[Stored data Boundary: Start]

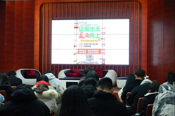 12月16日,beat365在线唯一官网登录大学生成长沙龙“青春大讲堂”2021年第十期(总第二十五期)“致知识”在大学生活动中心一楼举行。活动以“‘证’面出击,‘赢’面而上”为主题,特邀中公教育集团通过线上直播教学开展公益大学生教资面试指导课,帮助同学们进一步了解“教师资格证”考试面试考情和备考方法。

[Stored data Boundary: End]
[Stored data Boundary: Start]

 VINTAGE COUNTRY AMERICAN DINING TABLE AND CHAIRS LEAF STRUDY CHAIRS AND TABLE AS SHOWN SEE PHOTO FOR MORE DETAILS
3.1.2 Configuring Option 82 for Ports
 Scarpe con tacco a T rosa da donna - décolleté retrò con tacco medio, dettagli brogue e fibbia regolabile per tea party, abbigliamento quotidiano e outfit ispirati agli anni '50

[Stored data Boundary: End]

Where the listing above has a line with "3.1.2 Configuring Option 82 for Ports", start there, and output every line exactly through the line with "Scarpe con tacco", which is also included.

■ Exercise response
3.1.2 Configuring Option 82 for Ports
 Scarpe con tacco a T rosa da donna - décolleté retrò con tacco medio, dettagli brogue e fibbia regolabile per tea party, abbigliamento quotidiano e outfit ispirati agli anni '50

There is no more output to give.